Better regulation of the fast-growing world of crypto assets is not necessary to prevent wealthy people from losing money, but for the sake of everyone else, Federal Reserve Governor Christopher Waller said Friday.
“The main problem in regulating crypto assets is not how to protect sophisticated crypto investors, but how to protect the rest of us,” Waller said in comments prepared for delivery to the SNB-CIF conference on crypto assets and financial innovation in Zurich.
Specifically, he said, the goal of regulation would be “to protect society from the often irresistible pressures to socialize the losses of investors with limited resources and limit the spread of financial stress.”
In the past five years, crypto assets have grown from a niche market worth about $14 billion to a $3 trillion industry.
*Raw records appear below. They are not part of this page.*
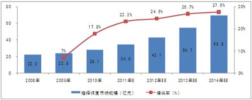 根據(jù)對(duì)下游行業(yè)的調(diào)研和關(guān)聯(lián)市場(chǎng)的分析,2010年,中國(guó)指揮調(diào)度市場(chǎng)規(guī)模已達(dá)到28.1億元。隨著下游行業(yè)投資規(guī)模的擴(kuò)大、產(chǎn)品的升級(jí)換代及技術(shù)的發(fā)展,行業(yè)市場(chǎng)規(guī)模將保持較快的增長(zhǎng)速度,未來4年的復(fù)合增長(zhǎng)率為26.31%,2014年,市場(chǎng)規(guī)模將達(dá)到69.8億元。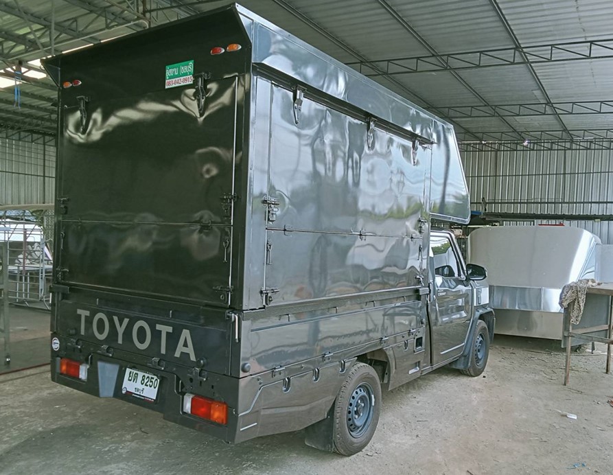 hilux champe ตู้ทึบ 1.80 เมตร hilux champ, ไฮลักซ์แชมป์ ความสูงของหลังคาวัดความสูงจากพื้นกระบะถึงบนสุด 1.80 เมตร โครงสร้างเป็นเหล็กแป๊บดำทำสีบรอนด์ วัสดุหุ้มภายนอกเป็นแผ่นอลูมิเนียมเกรด 1100 หนา 0.70 มิลลิเมตร ประตูท้ายเปิดออกข้าง…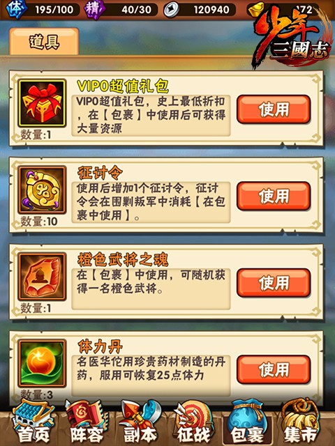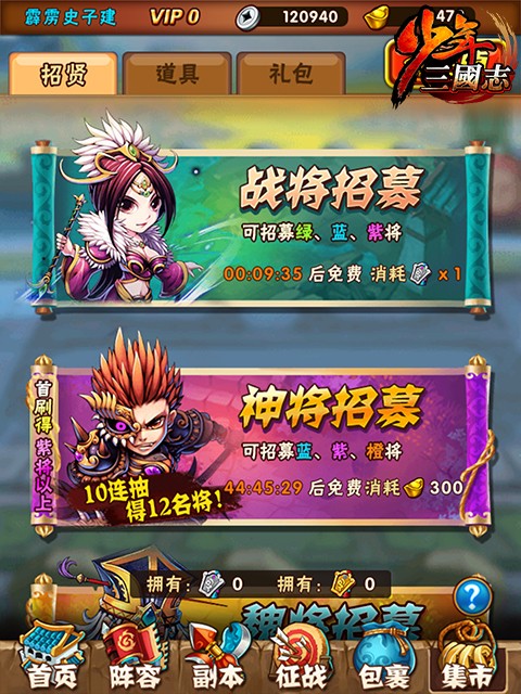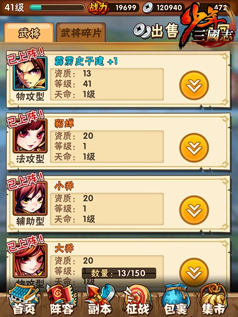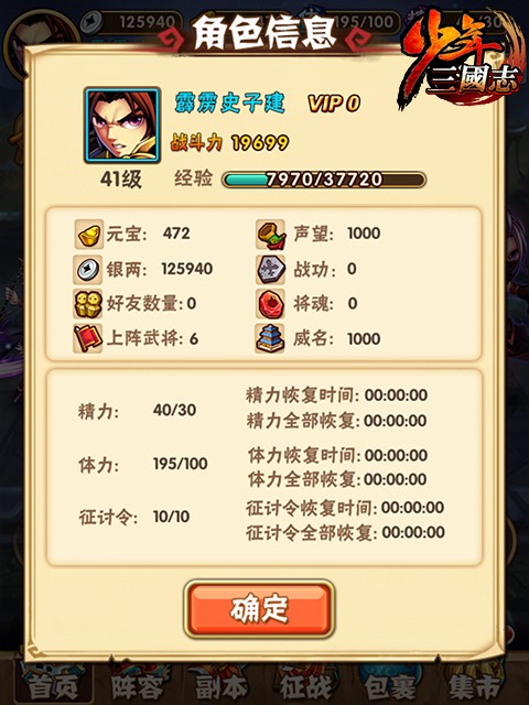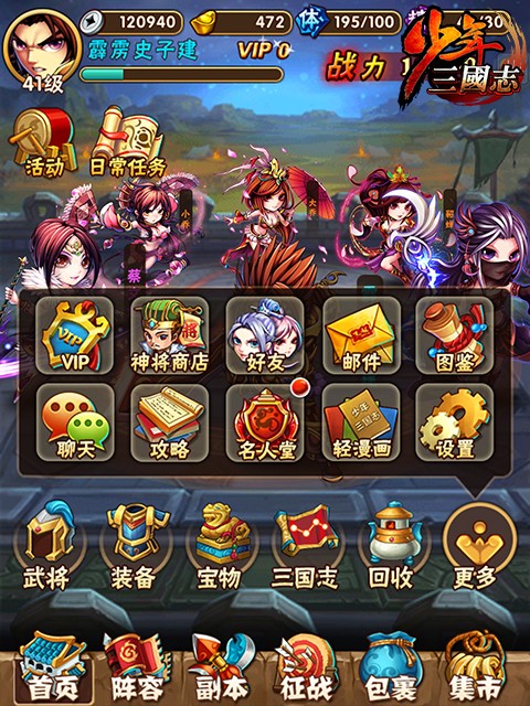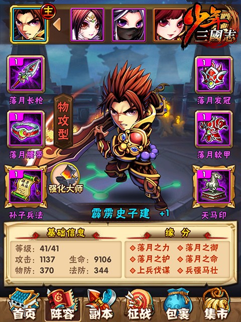 少年三国志是一款以三国历史为背景的卡牌手游,玩家可以收集各种武将卡牌,组成自己的阵容,通过不断升级提高实力,参与各种战斗。游戏中有多种玩法,包括故事模式、竞技场、副本等等,同时还有丰富的社交系统和活动。游戏画面精致可爱,音效优美动听,非常适合喜欢三国题材的玩家们。 少年三国志阵容推荐最新20251、蜀群暴力流蜀霸,关羽,水镜,菜菜(或月英),南华,吕布核心思路:主关羽,副蜀霸,吕布零星即可,关羽越高星越好。关羽一号位,蜀霸五号位。本阵容主要是保证先手的暴力,又有一定的续航能力。 2、吴群暴力流吴霸,周瑜,二斗,菜菜(或香香),南华,吕布核心思路:主周瑜,副吴霸。同样吕布零星即可,撑面板攻击,可以大大增加吴国的输出。 3、魏蜀控制流曹操,魏霸,紫虚,甄姬,关羽,月英(或者水镜)核心思路:主曹操,副魏霸。看曹操的超合击,控制很强,偏肉,而神意技能的必暴击状态是随机二人也不稳定,所以感觉爆发相对于其他国家并不强,反而是先手可以稳控,变得很肉所以我推荐蜀国混搭,因为玩魏国的平民可以升三星曹操,免疫暴击伤害,又有高额最终减伤,这有了续航的资本,关羽的持续回血会锦上添花的。 4、群魏双面流吕布,群霸,南华,菜菜,曹操,甄姬(或者紫虚)核心思路:主吕布,副群霸。吕布可谓够霸气,指挥、神意、超合击都带面板攻击加成,别小看面板攻击加成带来的收益,南华就是个例子,但是吕布的面板攻击上限远比南华高,超合击的buff只加给一人,加70残暴和40%面板攻击,第一回合马的伤害非常高,可以想象到在单核平民中他的恐怖之处。 少年三国志怎么玩首先,映入眼帘的是咱们的主界面 亲爱的将军看到茫茫多的按钮啦,数字的是不是有点点晕乎呢?下面小编来给你一个个介绍~ 点击界面左上角主角的头像后可以查看当前的基本信息哦! 界面最上方一排从咱们帅气的主角头像往右看,分别代表了银两(游戏内用于强化装备等),元宝(可以用来抽将,以及购买各种道具哦),体力值(要是为0就不能打副本了呢),精力值(和其他玩家较量的时候需要有精力哦!竞技场挑战需要一定的精力值)。 元宝下方的亮晶晶的vip标识,代表了您尊贵的vip身份象征,战力值则基本体现了您的队伍目前的实力情况,向着更高的战力进发吧! 接下来在人物头像下方可以看到“活动”按钮和“日常任务”按钮。 其中点击“活动”按钮后可看到当前游戏的所有活动信息,包括签到,迎财神等等。 点击“日常任务”按钮进入日常任务界面后可查看每日任务以及完成进度,还可查看成就相关信息。 下面小编给大家再介绍下其余各个按钮的功能。 最下方的“首页”按钮,可以让您处在任意界面(战斗界面除外)时都可以快速返回主界面。 点击“阵容”按钮则可以让您查看您当前上阵的武将的相关信息。 点击“副本”按钮则可以让您快速进入副本界面,去挑战副本,其中包括“主线副本”、“名将副本”和“日常副本”!在您不知道该干点嘛的时候,点这里永远是对的! 点击“征战”按钮后,您可以看到“竞技场”,“夺宝”,“三国无双”,“围剿叛军”等功能,点击对应的功能模块即可进入对应的界面去挑战。 点击“包裹”按钮可以查看你身上所拥有的道具,包括体力丹,精力丹以及各种强化石头等等。 点击“集市”按钮后,首先看到的是武将招募的界面,通过点击对应的按钮进行不同的武将招募体验;点击此界面的“道具”页签则可以进行各种游戏内道具的购买;点击此界面的“礼包”页签则可以购买vip礼包。 主界面下方的“武将”按钮,点击后可查看现有所有武将和武将碎片的信息。 主界面下方的“装备”按钮,点击后可查看现有所有装备和装备碎片的信息。 主界面下方的“宝物”按钮,点击后可查看现有所有宝物信息。 主界面下方的“三国志”按钮,点击后可以看到现在的三国志命星情况以及对应的属性加成情况,并可以通过消耗三国志残卷来点亮命星。 主界面下方的“回收”按钮,点击后可以进行“武将分解”,“装备分解”,“武将重生”和“宝物重生”操作,回收会返还之前消耗在对应武将、装备或者宝物上的所有资源。并且可以点击此子界面中的“神将商店”按钮,点击后可进入“神将商店”购买武将碎片等相关道具。 点击主界面的“更多”按钮后,可以看到剩余的一些功能,比如查看vip特权,进入神将商店,查看好友,查看邮件,查看游戏内现有武将的图鉴,进入聊天界面与其他玩家交流,查看攻略,查看名人堂玩家,欣赏轻漫画以及进行系统设置等。 |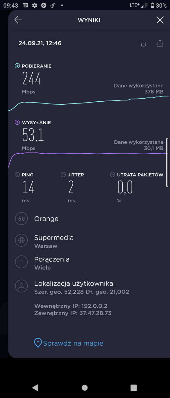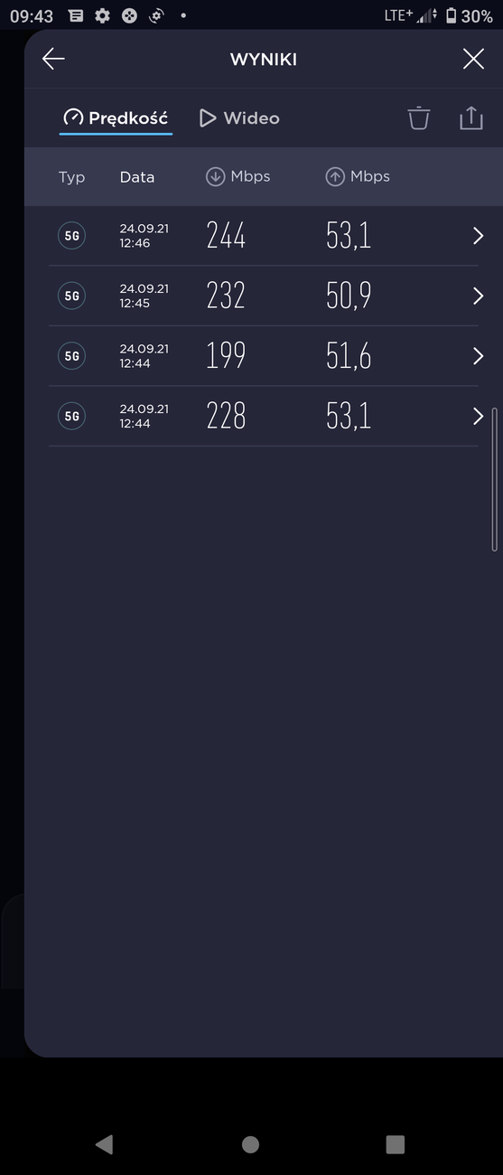 Smartfon obsługuje sieci 5G i to u wszystkich operatorów. Również w paśmie 2600 MHz z którego korzysta sieć Plus. I to bardzo szybko i sprawnie. Udało mi się osiągnąć 244 Mb/s w przypadku ściągania danych w Warszawie. Naturalnie, nie będąc w zasięgu 5G, możemy skorzystać z LTE lub Wi-Fi 6. Telefon jest Dual-Simem, ale hybrydowym. Jeśli więc będziemy chcieli skorzystać z dwóch kart nano SIM, musimy wyjąć kartę pamięci, a przy tej pojemności pamięci wewnętrznej może być to w pewnym momencie kłopotliwe. A e-SIM tu nie uświadczymy! Na szczęście jakość połączeń głosowych przez cały okres trwania testów była bardzo dobra. Telefon został wyposażony jeszcze w Bluetooth 5.2, port USB C 3.1, NFC oraz diodę powiadomień.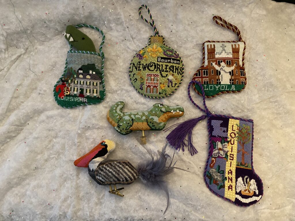 New Orleans never met a holiday it didn’t embrace with irrepressible fervor, and Christmas is no exception. The city’s iconic iron galleries glow with holiday light displays. Poinsettias decorate courtyard fountains. Historic Garden District mansions sport decorations and garlands. Even the streetcars wear cheery Christmas wreaths. I’ve been lucky to spend a few holiday seasons in the City that Care Forgot, but they’re few and far between. That’s why I’ve turned to needlepoint, my favorite hobby, to at least give me the feeling of the Big Easy in my own holiday decorations.
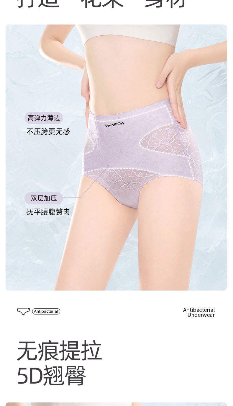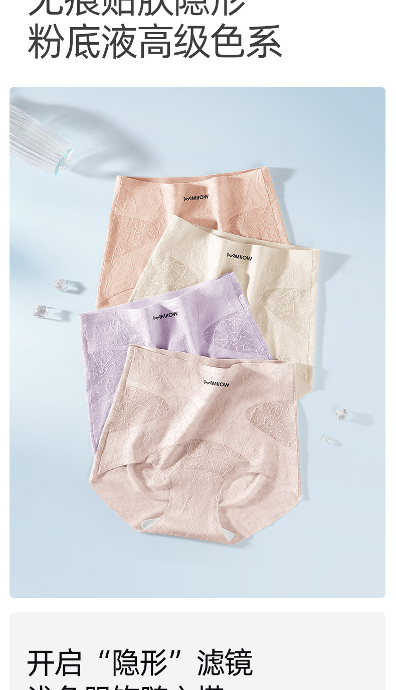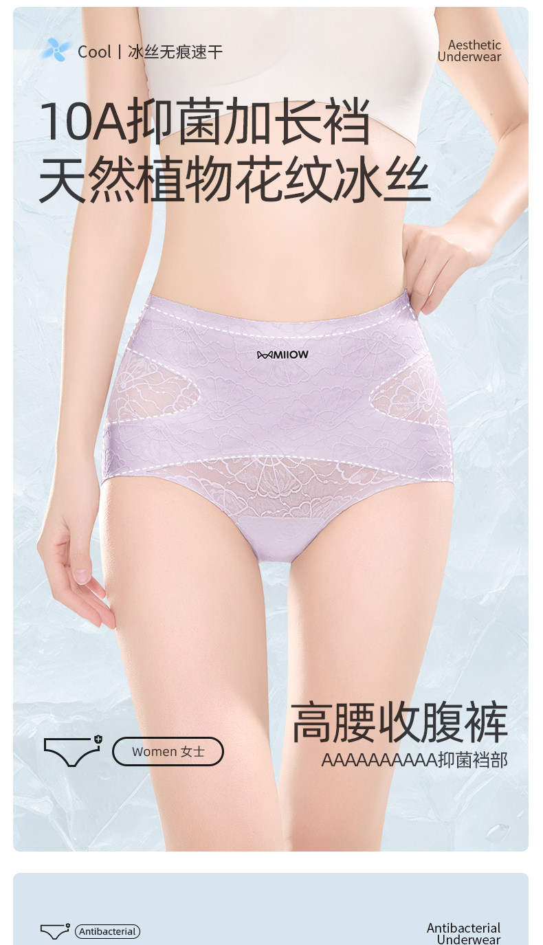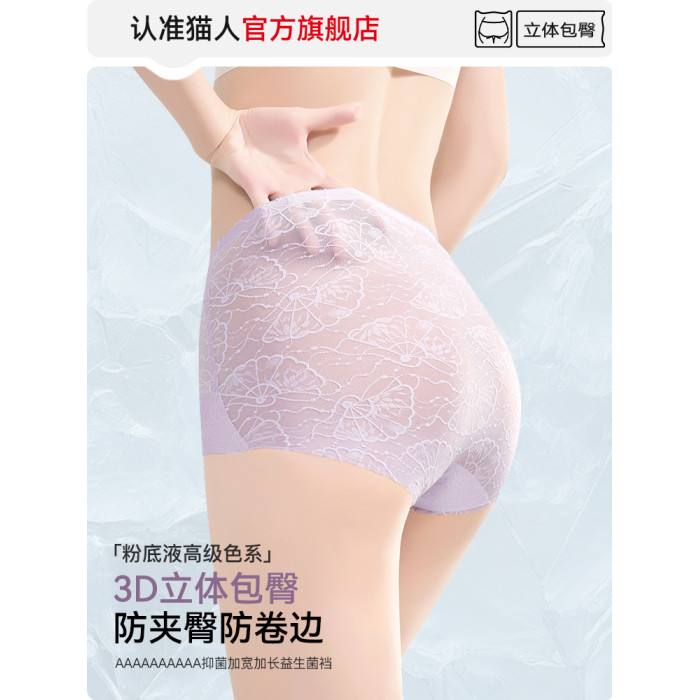 貓人冰絲無痕內褲女高腰收腹抗菌純棉襠2025新款蕾絲女士三角褲頭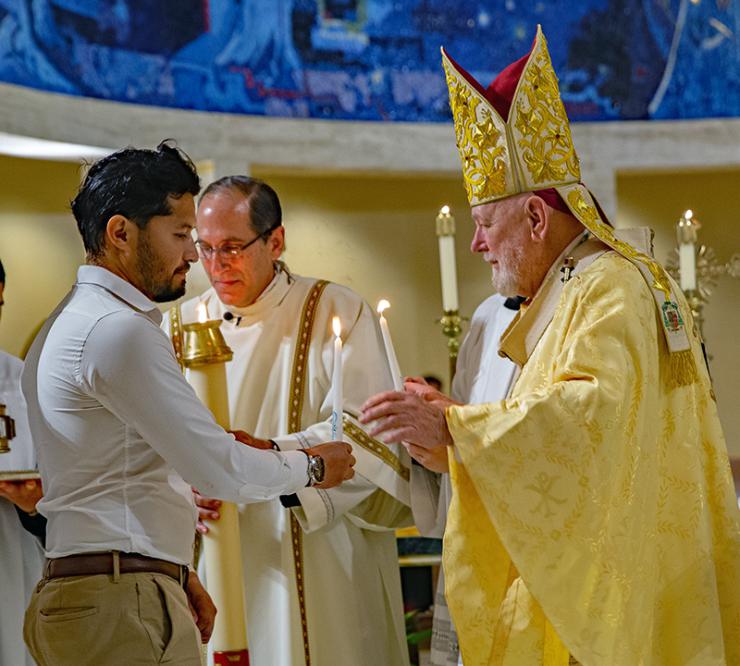 Archbishop Thomas Wenski gives a candle to newly baptized Juan David, during the celebration of the Easter Vigil at St. Mary Cathedral, April 4, 2026.

Several high-profile collapses in the crypto world have recently sparked calls for better guardrails for what is essentially an unregulated market. One reason: their popularity.
A recent Fed survey found that about 12 percent of American adults used or held cryptocurrencies in the past year, primarily for investment purposes. Other studies suggest that the number of crypto users is even higher.
In March, President Joe Biden ordered the Treasury and other agencies to begin looking at how best to regulate the sector, even as central banks around the world — including the Fed — are exploring the possibility of a central bank backed digital currencies.
Waller is among those at the Fed who say they see no reason to issue a central bank digital currency that would compete with privately backed digital currencies.
On Friday, he explained his rationale for why those privately-backed currencies need closer scrutiny, despite industry arguments that markets should be left to fend for themselves to foster more innovation.